Later as headmaster of the abbey school, he held a research fellowship at Edinburgh University, his area of interest establishing him as an authority on sixteenth-century monasticism in Scotland. His studies included administration of monasteries in Scotland and changes wrought on monks by the reformation of 1560. This latter typified his bent for publishable scholarship, as well as earning him the David Berry Prize of the Royal Historical Society in 1985.

His prodigious output ensured that his work constantly featured in the Innes Review, the Oxford Companion to Scottish History, the US Encyclopaedia of Monasticism and the Dictionary of National Biography, as well as radio and television appearances in matters of Scottish history.

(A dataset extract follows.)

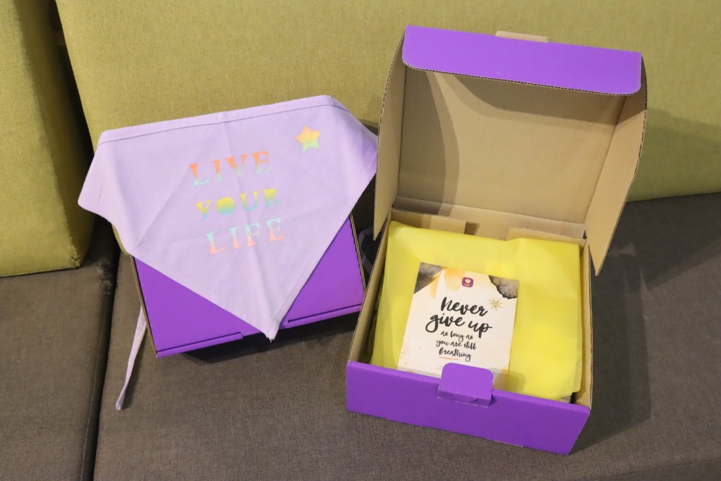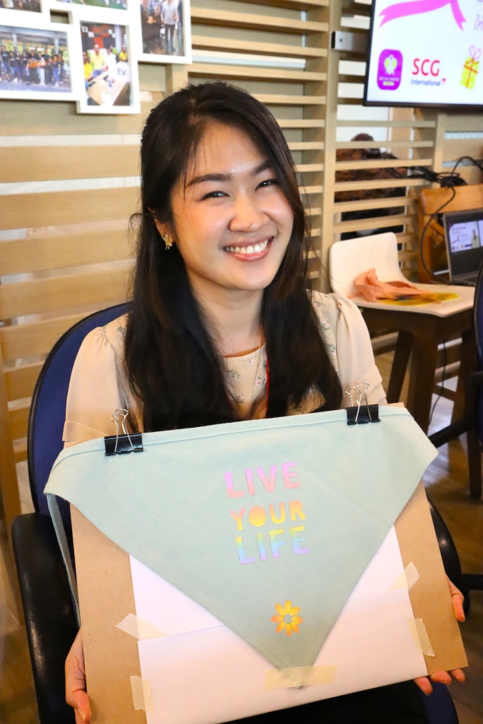 💜💛 กิจกรรมนี้ Art for Cancer จัดร่วมกับ SCG ชวนกันมาทำความดีในเวิร์คช็อปเพ้นท์ผ้าโพกหัวน่ารักๆ เพื่อใส่ใน “กล่องพลังใจ” มอบให้ผู้ป่วยมะเร็ง 🤟 ซึ่งทุกคนได้สนุกกับการทำลวดลายและข้อความให้กำลังใจสีสันสดใสลงไปบนผ้าโพกผัวสามเหลี่ยม 🌈⭐️

His was an inspired appointment as Keeper of the Scottish Catholic Archives in 1986. His penchant for research and familiarity with use and conservation of archives made his four years in the Edinburgh archive a satisfying time, particularly as this followed his period as a board member of the National Museums of Scotland.

Father Dilworth was elected abbot of Fort Augustus in 1991, the eighth in the post, but his final years at his beloved abbey by Loch Ness were painful for him. The school roll fell, as did boarders, visitors and novitiates. On paper, the abbey was no longer viable as a going concern.

He abhorred closure, confident that he could provide the abbey with fresh blood. When the die was cast in 1993, and final departure of the last monks mooted within five years, the buildings and site were put up for sale in 1999.

That might have been the end of Fort Augustus, but Abbot Dilworth had other ideas before asset-strippers arrived. He contrived to put into the safekeeping of the National Library of Scotland the bulk of the items of value in the abbey library, including the deposition in 1992 of some 6900 mainly eighteenth-century volumes.

He warned that abbey treasures were being plundered as a matter of accountancy, and had there been time, then perhaps more might have been saved. Yet despite the personal pain he was suffering, he somehow managed to produce Scottish Monasteries in the Middle Ages.

On his enforced retirement from the abbey in 1998, he was appointed titular Abbot of Iona.

His travels included a lecture tour of the US to celebrate his silver jubilee as a priest and a pilgrimage to the Holy Land. The result of these was In The Heart Of His House, a personal account of charismatic renewal.

He was admitted to hospital in Edinburgh on New Year's Day this year, and died there in his 80th year. In accordance with his wishes, he was buried in the monastic cemetery within Fort Augustus abbey.

Rt Rev Dom Gerard Mark Dilworth OSB MA PhD FRHistSoc FSAScot; born April 18, 1924, died February 28, 2004.